MPs have been busy this week - with Brexit votes every night for three days in a row. On Tuesday, MPs voted to reject Theresa May's so-called 'meaningful vote', her original proposed deal, with some minor changes. The deal was rejected 391 to 242. Then on Wednesday, MPs voted to rule out a No-Deal Brexit 'under all circumstances'. Finally, the parliament voted on Thursday for the Prime Minister to request an extension of article 50, thereby delaying a Brexit from the EU to give the UK a little longer to draw up an agreeable Brexit plan. Currently, the UK is legally scheduled to leave the EU by the March 29 date, and a no-deal Brexit is still the default position for the UK on 29 March. This means that despite MPs voting to rule out a no-deal Brexit and to delay Brexit, most of these votes are not legally binding. So if nothing else changes in the next two weeks, at 23:00 on 29 March, the UK will Brexit with no-deal agreed. In summary, this week’s Parliamentary proceeding has left Mrs May with a lot of homework as although the votes do not become law, politically, they're hard for her to ignore. The Prime Minister could be making a formal request for an extension during the EU leaders' summit, which is scheduled for 21 to 22 March, and the outcome is anyone’s guess.
British shoppers have been stockpiling painkillers and toilet paper, according to Morrison, Britain’s fourth-biggest supermarket. Dave Potts, the boss of Morrison said that the spike in sales of these products was noted with 16 days to go until the UK is due to leave the EU. In a comment, Mr Potts said: "We've seen quite a tick up in painkillers and toilet rolls this financial year… Whether that's got any bearing on how people are feeling about the Brexit process, I don't know". His remarks build on reports that shoppers are taking action in case a hard Brexit results in delays to supplies and shortages. According to research firm Kantar Worldpanel, Brexit fears have prompted one in 10 shoppers to start stockpiling food. The Bank of England has also noted evidence of stockpiling among British businesses and figures suggest the UK is running out of warehouse space as a result. Despite a slowdown in recent retail sales growth it reported a rise of almost 9% in underlying pre-tax profits to £406m. Despite uncertainties over Brexit, it looks like the country’s fourth-largest supermarket is flush with cash!

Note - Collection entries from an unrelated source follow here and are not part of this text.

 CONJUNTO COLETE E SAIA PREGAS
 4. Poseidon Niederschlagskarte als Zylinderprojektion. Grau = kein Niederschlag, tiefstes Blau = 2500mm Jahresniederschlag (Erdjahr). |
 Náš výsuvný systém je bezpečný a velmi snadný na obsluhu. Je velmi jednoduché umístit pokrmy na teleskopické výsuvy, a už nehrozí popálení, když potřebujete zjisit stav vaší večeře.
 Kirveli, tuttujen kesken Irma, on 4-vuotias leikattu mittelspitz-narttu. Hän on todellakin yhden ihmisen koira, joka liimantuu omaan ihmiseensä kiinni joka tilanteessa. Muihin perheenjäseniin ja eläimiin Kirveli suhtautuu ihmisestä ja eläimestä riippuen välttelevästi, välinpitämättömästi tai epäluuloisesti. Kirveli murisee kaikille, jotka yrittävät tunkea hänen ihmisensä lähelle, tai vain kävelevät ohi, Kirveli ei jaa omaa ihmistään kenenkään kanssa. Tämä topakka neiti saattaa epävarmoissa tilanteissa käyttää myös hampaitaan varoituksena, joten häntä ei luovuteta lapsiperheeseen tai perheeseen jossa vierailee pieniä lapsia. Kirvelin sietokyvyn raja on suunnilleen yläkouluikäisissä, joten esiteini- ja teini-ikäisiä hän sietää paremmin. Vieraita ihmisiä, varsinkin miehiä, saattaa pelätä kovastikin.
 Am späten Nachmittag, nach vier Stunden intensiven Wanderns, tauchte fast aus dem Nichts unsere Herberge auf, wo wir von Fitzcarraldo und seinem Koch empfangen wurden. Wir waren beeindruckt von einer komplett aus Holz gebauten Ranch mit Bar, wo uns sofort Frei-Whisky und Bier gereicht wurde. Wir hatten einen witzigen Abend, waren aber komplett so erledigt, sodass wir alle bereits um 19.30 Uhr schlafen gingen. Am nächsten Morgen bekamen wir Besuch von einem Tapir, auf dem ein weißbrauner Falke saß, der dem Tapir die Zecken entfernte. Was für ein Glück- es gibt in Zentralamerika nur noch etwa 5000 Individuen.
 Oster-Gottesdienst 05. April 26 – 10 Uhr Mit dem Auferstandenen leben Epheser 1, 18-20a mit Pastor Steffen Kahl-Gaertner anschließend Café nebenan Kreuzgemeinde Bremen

The UK is building an offshore windfarm that will dwarf the world’s largest when completed and will supply its first power to the UK electricity grid this week. The windfarm is being built on the Yorkshire coast with the first of 174 turbines to be installed in Hornsea One, covering 407 sq km, five times the size of the nearby city of Hull. At 1.2GW of capacity it will power 1m homes, making it about twice as powerful as today’s biggest offshore windfarm once it is completed in the second half of this year. The size of the project takes the burgeoning offshore wind power sector to a new scale, on a par with conventional fossil fuel-fired power stations. The Danish developer Ørsted, said it was ready to step up its plans and fill the gap left by failed nuclear power schemes. Henrik Poulsen, Ørsted’s chief executive, said the UK has a great wind resource and shallow enough seabed to exploit it, and could even “power most of Europe if it [the UK] went to the extreme with offshore”, he said. Ørsted are in close dialogue with major manufacturers to use the new generation of turbines, some of which are expected to approach the height of the Shard in London, the tallest building in the EU. The UK and Germany installed 85% of new offshore wind power capacity in the EU last year, according to industry data. The average power rating of the turbines is getting bigger too, up 15% in 2018. Like other international energy companies, Ørsted has put in place contingency planning in event of a no-deal Brexit – but the hope is that will not come to pass. “We want a Brexit deal that will facilitate an orderly transition out of the union,” said Poulsen.